The best evidence suggests that pedophilia and hebephilia result from abnormal development in the pre-natal brain, Dr. Cantor says. Some hebephiles, as some pedophiles, never act on their sexual preferences. Others do. There is no epidemiological evidence that hebephiles as a group go out of the way to place themselves in proximity to pubescent youngsters.

The most effective therapy is to teach hebephiles how to recognize and deal with sexually hazardous situations. And Dr. Cantor says that, because so many sexual encounters go unreported, there is no reliable data on what percentage of the population hebephiles comprise.

Hebephiles have, at best, limited interest in being married to women or men. Thus removal of the Catholic church's celibacy requirement isn't going to help them.

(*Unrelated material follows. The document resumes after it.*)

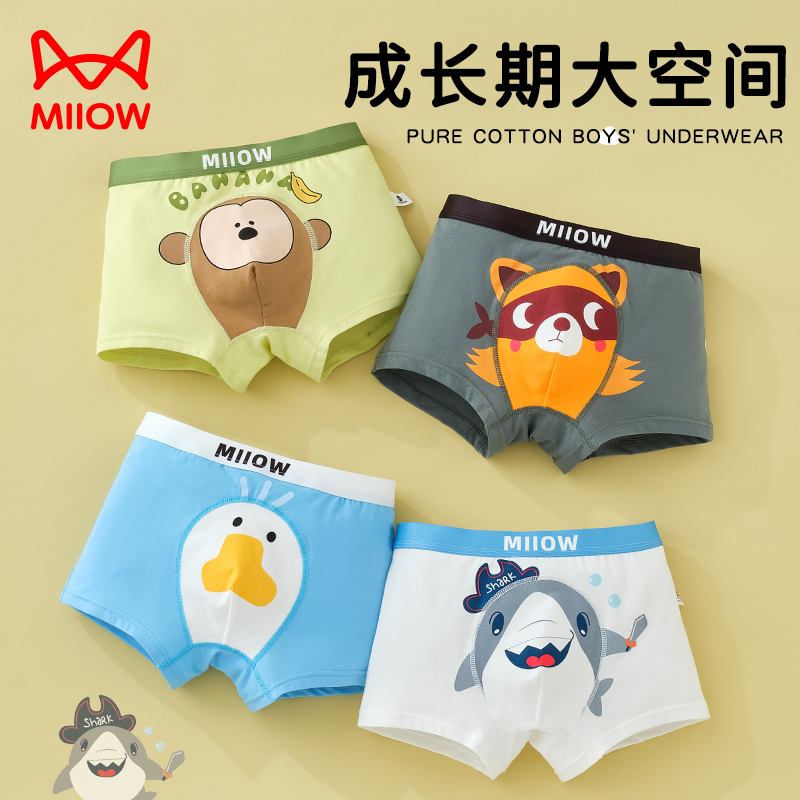 猫人男童内裤儿童纯棉平角裤四角男孩100%男宝宝全棉大童底裤短裤
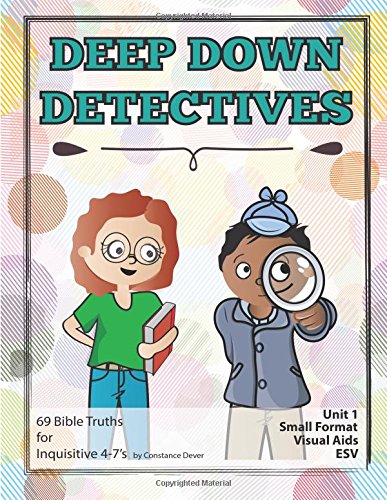 Deep Down Detectives is a very active, very colorful curriculum. So colorful, that each Bible Truth has its own set of colorful pictures. This Visual Aids book includes all of these special elements used in teaching the four Bible Truths (12 lessons) included in Unit 1. It is the companion resource to be used with the Unit 1 Core Curriculum Book, which contains the lesson plans, stories, crafts, games and take home sheets for Unit 1. This is the ESV version of the Unit 1 Visual Aids Book. (There is also an NIV version.) This book contains smaller format.

"Celibacy as a cause of abuse is ridiculous," Dr. Kenny says.

Yet one of the church's leading theologians, Austrian Cardinal Christoph Schoenborn, has said the church should look deep into the causes of sexual abuse, and include, if necessary, an examination of celibacy. He has set up an independent commission to examine the issue.

Richard Sipe, a U.S. psychotherapist and former Benedictine monk who has written several books on celibacy, says it is at the root of the church's sexual crisis. He cites academic research that says only 2 per cent of priests actually achieve appropriate celibacy, transcending the psyche's yearning for the turmoil of intimacy.

Mr. Talach says that, from his own experience of interviewing offender priests in prison and in civil suits, he has concluded that a celibate priesthood attracts candidates with sexual problems and who appear as overgrown adolescents without the life experience or relationship experience of having a partner and family.

Mr. Talach, a Catholic, says that with the celibacy requirement eliminated and the priesthood opened to women - only a very few of whom are hebephilic or pedophilic - the potential for offenders would be greatly diluted.

Dr. Kenny takes a broader view of the links she sees between celibacy and sex abuse.

The 1990 Newfoundland inquiry she sat on, the Winter Commission, was courageous and groundbreaking, she says. But its recommendation that the church look at the systemic issues behind sex abuse for the most part has never been acted upon.

She uses the analogy of diagnosing and treating a patient's headache as caused by stress when, in reality, it's caused by a brain tumour that, left untreated, will kill the patient.

"The fact that we have a celibate, all-male clergy - and they're still the ones that ultimately make the decisions - the ethos created by that, I think, makes it more difficult to identify this kind of problem readily, to name it appropriately and to deal with it rightly.

"We didn't say that mandatory celibacy is the cause of this. But we said that if we're going to understand better so that we can do things better, then the question of mandatory celibacy has got to be on the table.

"And I think that you will see in that report and in every case where priests have offended, that there are problems with priestly accountability. And because of this patriarchal history, we don't have great mechanisms for the accountability of our priests in our church."

The Vatican, Dr. Kenny says, is still experiencing the crisis as something that's embarrassing but the church will endure, rather than something that should be understood.

She said: "I went to mass this afternoon, and I was thinking, 'God, I wish Holy Week was peaceful.' And it's not."